Le 18 mars 1857, l'archevêque fut mandé en Espagne par la reine Isabelle qui le voulait pour confesseur et il fut nommé archevêque titulaire (in partibus) de Trajanopolis sans pour autant cesser d'assurer de Madrid l'administration de Cuba. Confesseur de la Reine, il eut assez d'influence pour faire nommer de bons évêques, pour organiser un centre d'études ecclésiastiques à l'Escurial et pour imposer la morale à la cour. Voyageant avec la Reine à travers l'Espagne, il continua de prêcher et ne manqua pas de s'attirer la haine des nombreux ennemis du régime. Quand Isabelle II fut chassée de son trône (novembre 1868), Mgr. Claret y Clara suivit sa souveraine en France : il quitta définitivement l'Espagne le 30 septembre 1868.

Pendant ce temps, la congrégation des Missionnaires Fils du Coeur Immaculé de Marie se développait lentement : elle avait reçu l'approbation civile (9 juillet 1859) et ses constitutions avaient été approuvées par Rome (decretum laudis du 21 novembre 1860) et définitivement reconnues le 27 février 1866 ; l'approbation perpétuelle, donnée le 11 février 1870, fut confirmée le 2 mai 1870. D'abord établie au séminaire de Vich, puis installée dans l'ancien couvent des Carmes, la congrégation, dirigée depuis 1858 par le P. Xifré, fonde à Barcelone (1860) et dans d'autres villes espagnoles avant d'ouvrir des maisons à l'étranger : en France (1869), au Chili (1870), à Cuba (1880), en Italie (1884), au Mexique (1884), au Brésil (1895), au Portugal (1898), en Argentine (1901), aux Etats-Unis (1902), en Uruguay (1908), en Colombie (1909), au Pérou (1909), en Autriche (1911), en Angleterre (1912), en Bolivie (1919), au Vénézuéla (1923), à Saint-Domingue (1923), au Panama (1923), en Allemagne (1924), en Afrique portugaise (1927), en Chine (1933), à Porto-Rico (1946), aux Philippines (1947), en Belgique (1949).

Après la révolution de 1868 ou un prêtre de la congrégation fut assassiné, le nouveau gouvernement ferma les six maisons espagnoles et les missionnaires s'exilèrent en France (Prades).

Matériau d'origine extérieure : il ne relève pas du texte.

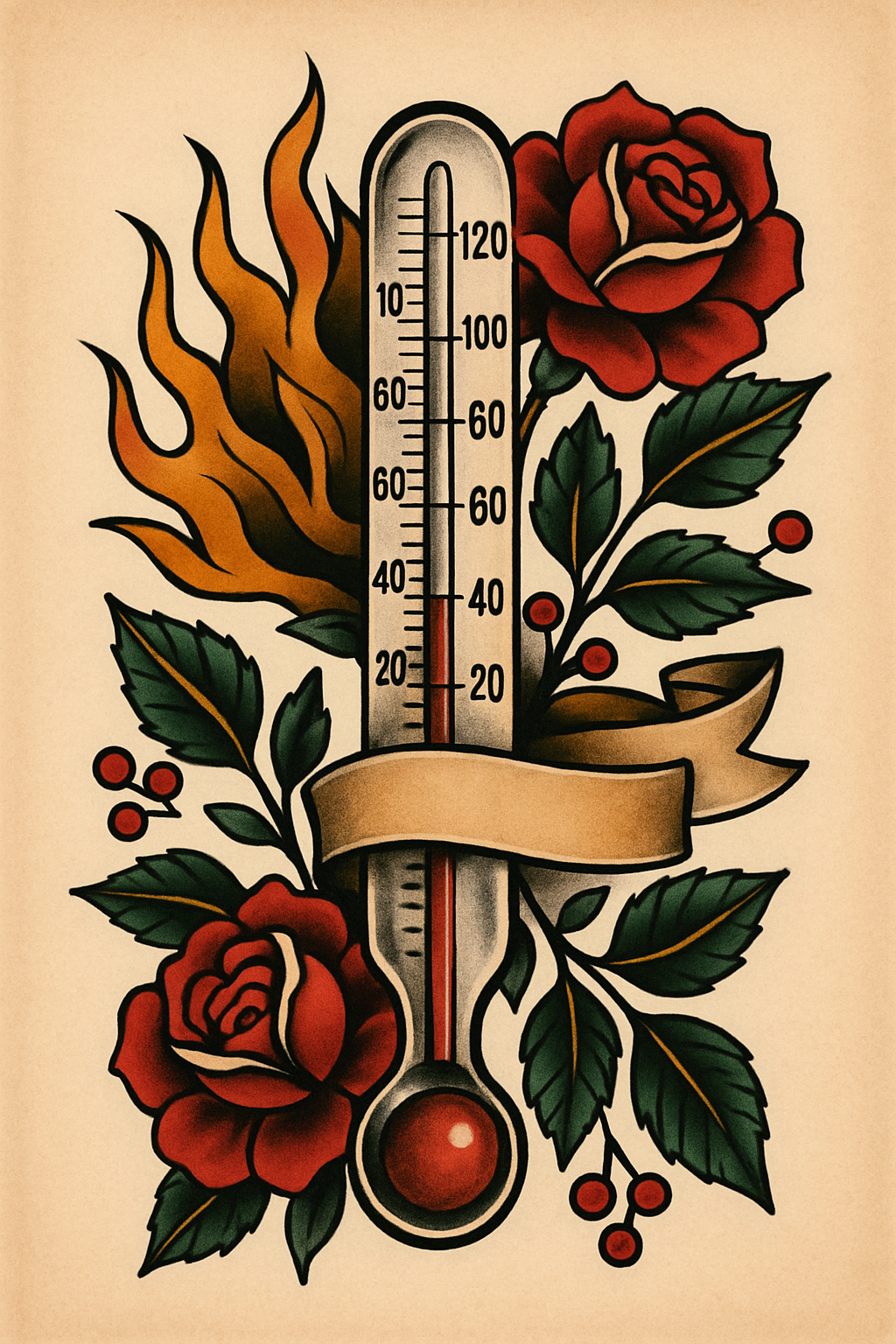/Collection: /by davooda/Type: PNG/A vintage-style illustration featuring a thermometer surrounded by roses and flames. Ideal for artistic or decorative purposes, appealing to lovers of retro aesthetics.

Mgr. Antoine-Marie Claret y Clara bien que sa santé fut de plus en plus mauvaise, s'occupa de la colonie espagnole de Paris ; le 30 mars 1869, il partit pour Rome, afin de participer aux travaux du premier concile du Vatican, mais il y tomba si malade qu'il dut se retirer à Prades où il arriva le 23 juillet 1870. Il parut pour la dernière fois en public à la distribution des prix au petit séminaire où il fit un discours en Catalan (27 juillet 1870). L'ambassadeur d'Espagne demanda son internement mais le gouvernement français fit en sorte que l'évêque de Perpignan l'avertît et, lorsqu'on vint l'arrêter (6 août 1870), il était réfugié chez les Cisterciens de Fontfroide où il mourut le 24 octobre 1870. Il fut béatifié en 1934 et canonisé en 1950.





Homélie de Pie lors de la canonisation

« Lorsque Nous évoquons la vie de saint Antoine-Marie Claret, dit Pie XII dans l’homélie de la canonisation, Nous ne savons ce qu'il faut le plus admirer : l'innocence de son âme que, dès sa plus tendre enfance, des soins attentifs et sa prudence conservèrent intacte, tel un lis entre les épines ; ou l'ardeur de sa charité qui le faisait tendre au soulagement de toutes les misères ; ou enfin son zèle apostolique qui le fit contribuer si fortement, par une activité de jour et de nuit, par des prières instantes pour le salut des âmes, par de nombreux voyages, par des discours enflammés d'amour pour Dieu, à la réforme des mœurs privées et publiques selon l'esprit de l'Evangile.

Lorsque, jeune homme, il exerçait le métier de tisserand pour obéir à la volonté de son père, il donna à ses compagnons de travail de tels exemples de vertu chrétienne, qu'il excitait l'admiration de tous ; et dès qu'il pouvait cesser le travail et se reposer, il gagnait une église où il passait ses meilleures heures en prières et en contemplation devant l'autel du Saint Sacrement ou l'image de la Vierge. Car il était dans les vues de la Providence qu'avant même d'être élevé à un état de vie supérieure, il donnerait aux travailleurs des exemples admirables et imitables d'honneur et de sainteté.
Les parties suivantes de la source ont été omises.